甘露糖浸种对干旱胁迫下白三叶种子萌发及抗旱性的影响

曾伟航, 程碧真, 彭燕, 李州*   

  1. 四川农业大学动物科技学院草学系,四川 成都 611130
  • 收稿日期:2018-06-11 修回日期:2018-08-23 出版日期:2019-07-20 发布日期:2019-07-20
  • 通讯作者: lizhou1986814@163.com
  • 作者简介:曾伟航(1992-),男,四川攀枝花人,在读硕士。

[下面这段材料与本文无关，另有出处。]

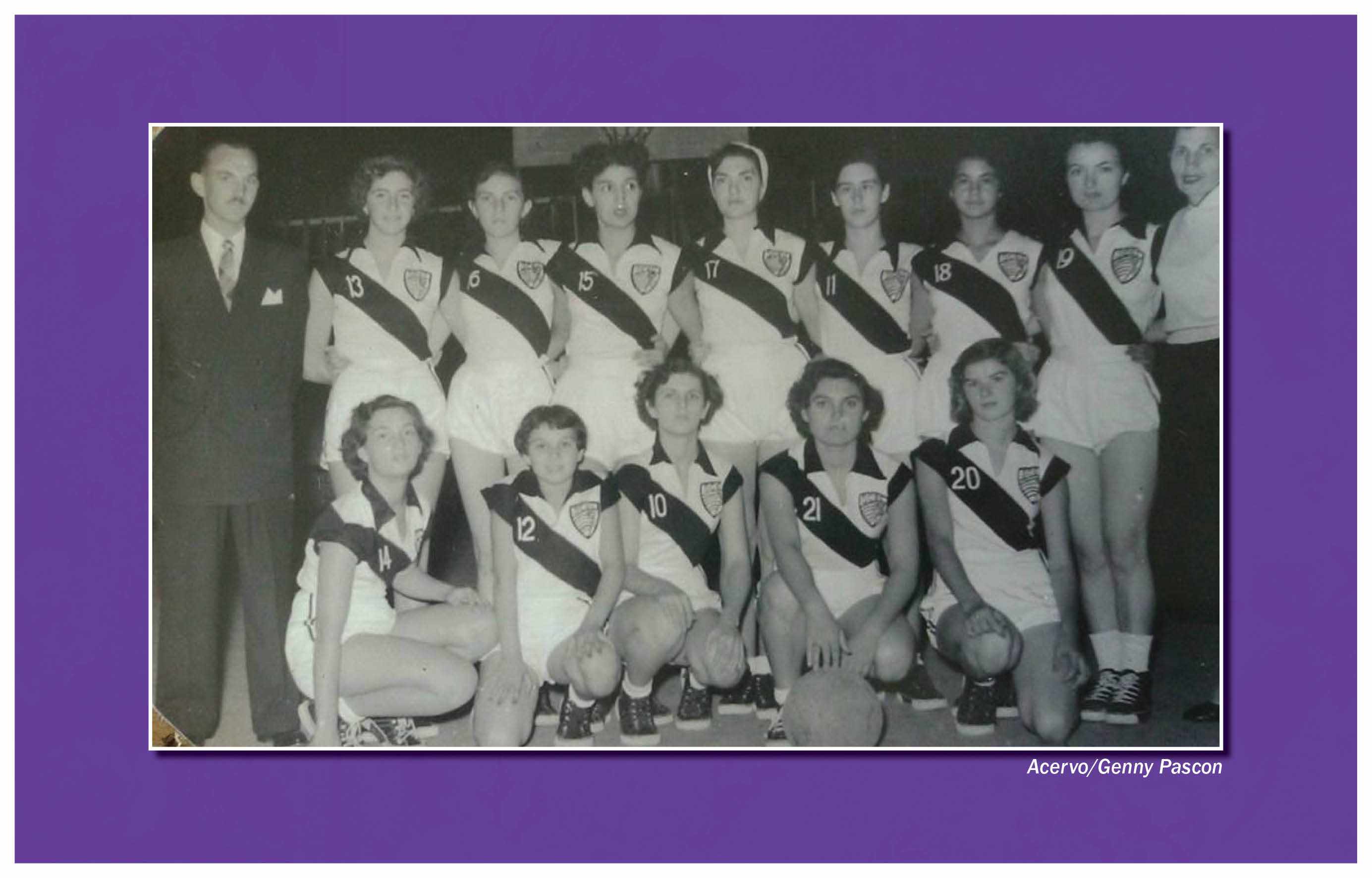 A prática da bocha, no São Caetano Esporte Clube, não ficou restrita aos homens. O primeiro torneio feminino promovido pela agremiação ocorreu em 1979, com a participação de 12 associadas, distribuídas em seis equipes. Nesta foto, da década de 1980, foram identificadas, a partir da esquerda, as jogadoras Adalgisa Spaggiari Martorelli (a segunda, na fileira), Rosa Martinez, Vilma Migliani, Selma Migliani, Izilda João e Maria de Lourdes João. Agachados, Arjonas (à esquerda) e Mário Migliani (técnico)
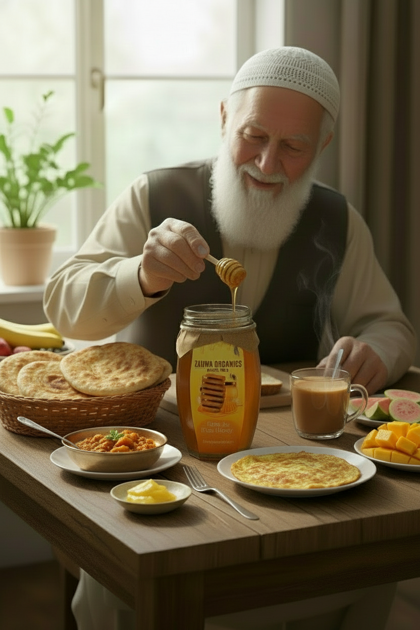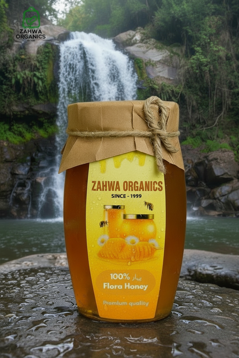 The color of Zahwa Organics Flora Honey - بہار کا شہد ranges from light golden to deep amber, depending on the mix of blossoms. It has a smooth texture, with a naturally floral and slightly fruity aroma, making it both aromatic and versatile for everyday use.

E-mail: zengwh0123@163.com
  • 基金资助:
    四川省国际合作项目(2017HH0060)资助

Effects on germination and seedling drought tolerance in white clover of seed soaking with mannose

ZENG Wei-hang, CHENG Bi-zhen, PENG Yan, LI Zhou*   

  1. College of Animal Science and Technology, Sichuan Agricultural University, Chengdu 611130, China
  • Received:2018-06-11 Revised:2018-08-23 Online:2019-07-20 Published:2019-07-20

摘要: 以‘拉丁诺’(Ladino)白三叶为供试材料,研究甘露糖(MAS)浸种对18% PEG 6000干旱胁迫下白三叶种子萌发过程中淀粉代谢、根系活力、渗透调节、抗氧化防御及基因差异表达的影响。试验结果表明,低浓度(0.5、1.0、2.0和5.0 mmol·L-1)的MAS浸种预处理能显著提高干旱胁迫下白三叶种子的萌发,其中2.0 mmol·L-1的MAS效果最为明显,但高浓度(10.0 mmol·L-1)的MAS浸种处理显著降低了干旱胁迫下种子的萌发率。进一步试验发现,2.0 mmol·L-1 MAS浸种预处理能显著提高干旱胁迫下种子萌发时根系生长、根系活力和淀粉酶活性,有效缓解干旱胁迫抑制的淀粉分解,也显著增加了干旱胁迫下种子萌发过程中游离脯氨酸的积累,并降低细胞渗透势。此外,2.0 mmol·L-1的MAS浸种预处理后,种子在干旱胁迫下萌发过程中超氧化物歧化酶(SOD)和过氧化物酶(POD)活性及细胞总抗氧化能力显著提高,MnSODPOD基因转录水平显著增强,维持了细胞内显著较低的活性氧、电解质渗透率和MDA含量,缓解了胁迫对细胞造成的氧化性伤害。但2.0 mmol·L-1 MAS浸种预处理并没有提高水分胁迫下白三叶种子萌发时可溶性糖含量,推测MAS促进淀粉分解产生的糖可能主要用于维持胁迫下籽苗的生长。上述结果表明MAS显著提高白三叶种子在干旱胁迫下萌发时的抗性且与促进淀粉代谢、提高渗透调节能力及增强抗氧化防御系统密切相关,且低浓度MAS浸种处理对正常水分条件下白三叶种子萌发也具有一定的促进作用。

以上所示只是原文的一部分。